■ **Work required**
Omit all pictures, then repeat the listing exactly.
** Data excerpt follows **
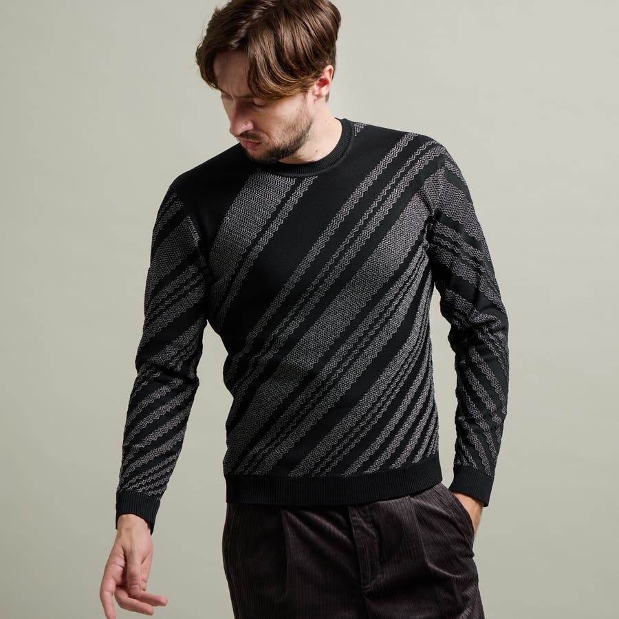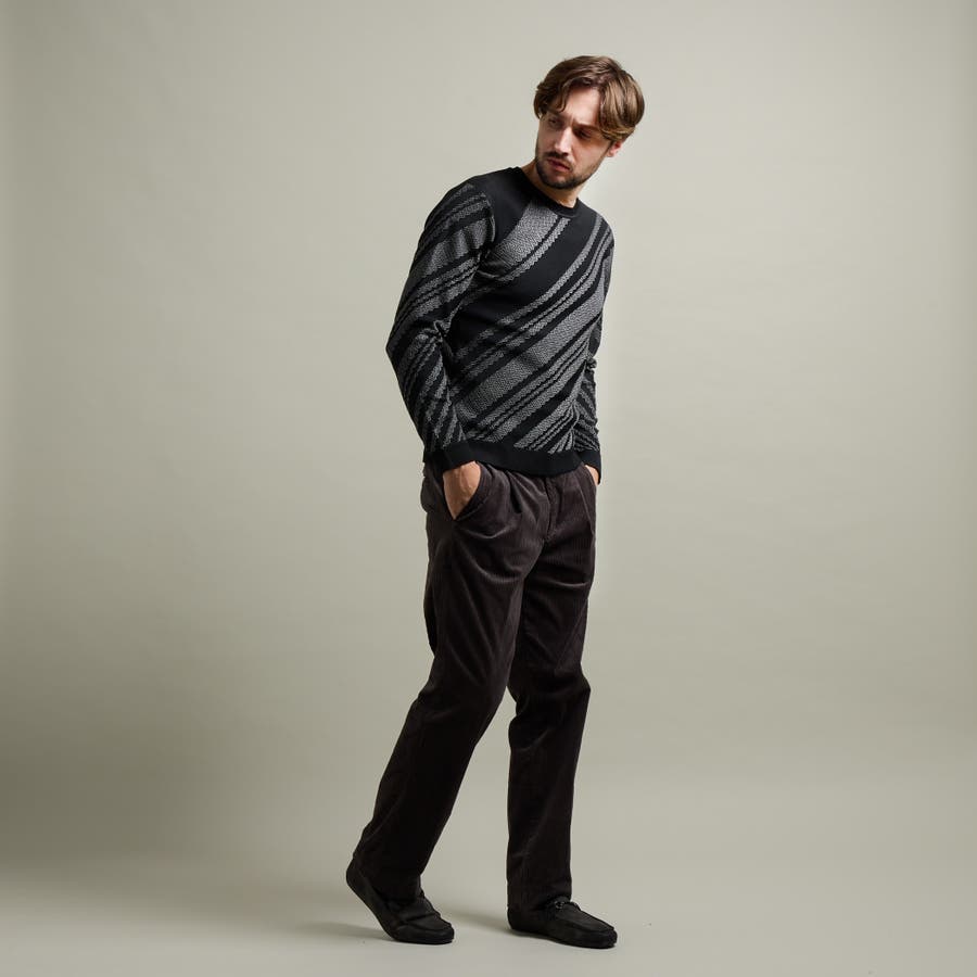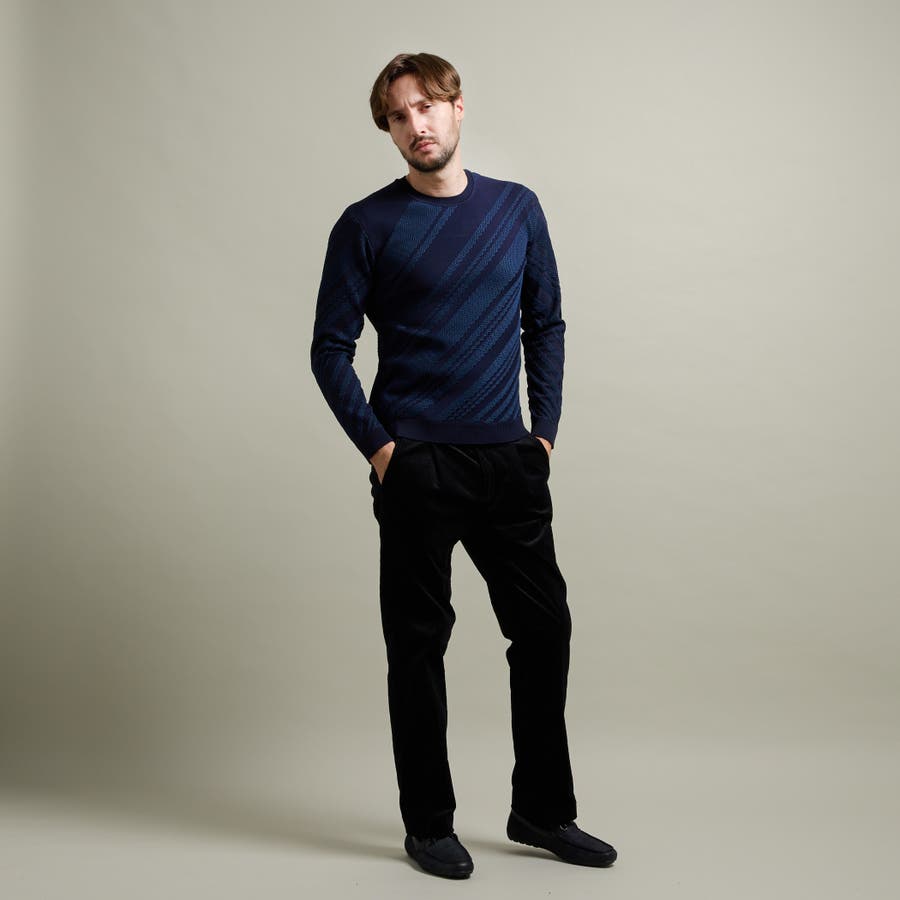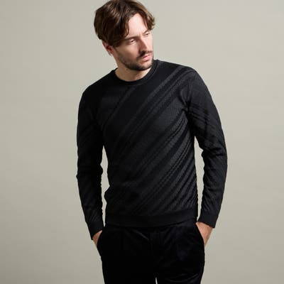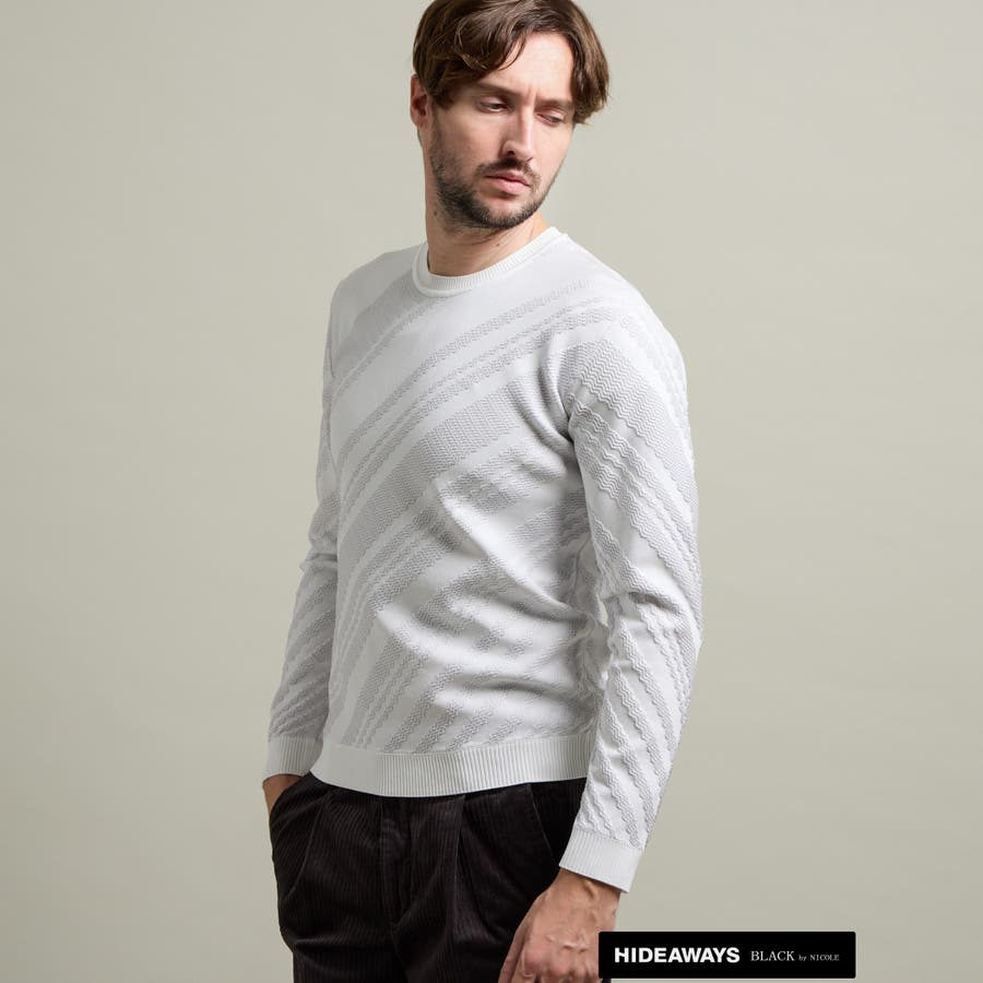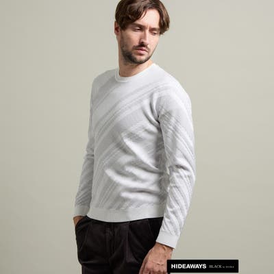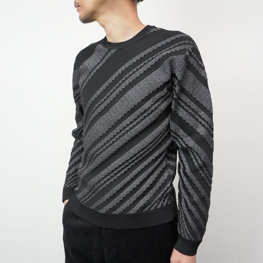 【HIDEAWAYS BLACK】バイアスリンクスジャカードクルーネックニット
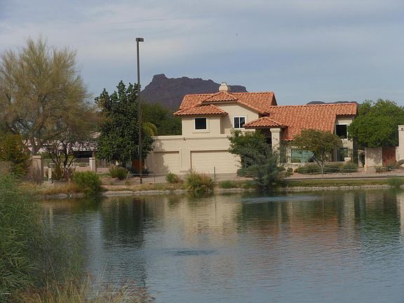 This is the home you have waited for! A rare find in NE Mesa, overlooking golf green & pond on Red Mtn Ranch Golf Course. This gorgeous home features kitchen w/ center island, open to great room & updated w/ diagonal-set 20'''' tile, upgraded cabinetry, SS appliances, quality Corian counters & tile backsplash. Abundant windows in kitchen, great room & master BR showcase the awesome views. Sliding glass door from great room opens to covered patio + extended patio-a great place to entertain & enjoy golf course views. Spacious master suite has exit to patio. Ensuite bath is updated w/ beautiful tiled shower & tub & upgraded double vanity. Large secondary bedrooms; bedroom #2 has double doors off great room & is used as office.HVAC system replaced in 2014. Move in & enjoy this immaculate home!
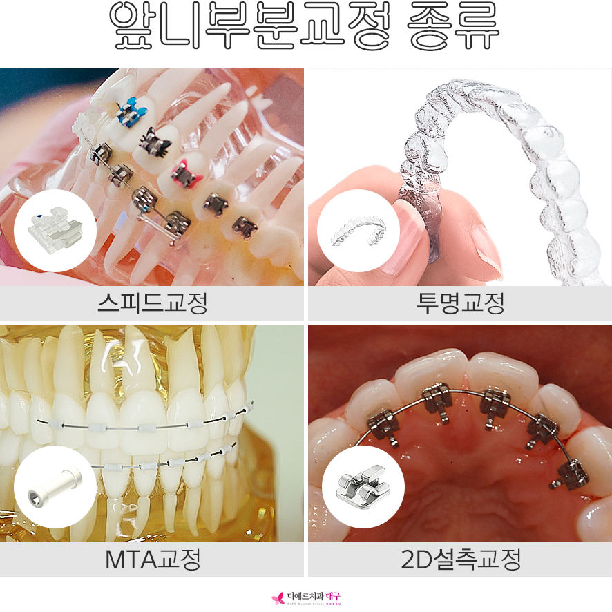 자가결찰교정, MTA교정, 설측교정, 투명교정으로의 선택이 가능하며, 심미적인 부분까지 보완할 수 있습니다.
** End of Data excerpt **
■ **Result below**
 【HIDEAWAYS BLACK】バイアスリンクスジャカードクルーネックニット
 This is the home you have waited for! A rare find in NE Mesa, overlooking golf green & pond on Red Mtn Ranch Golf Course. This gorgeous home features kitchen w/ center island, open to great room & updated w/ diagonal-set 20'''' tile, upgraded cabinetry, SS appliances, quality Corian counters & tile backsplash. Abundant windows in kitchen, great room & master BR showcase the awesome views. Sliding glass door from great room opens to covered patio + extended patio-a great place to entertain & enjoy golf course views. Spacious master suite has exit to patio. Ensuite bath is updated w/ beautiful tiled shower & tub & upgraded double vanity. Large secondary bedrooms; bedroom #2 has double doors off great room & is used as office.HVAC system replaced in 2014. Move in & enjoy this immaculate home!
 자가결찰교정, MTA교정, 설측교정, 투명교정으로의 선택이 가능하며, 심미적인 부분까지 보완할 수 있습니다.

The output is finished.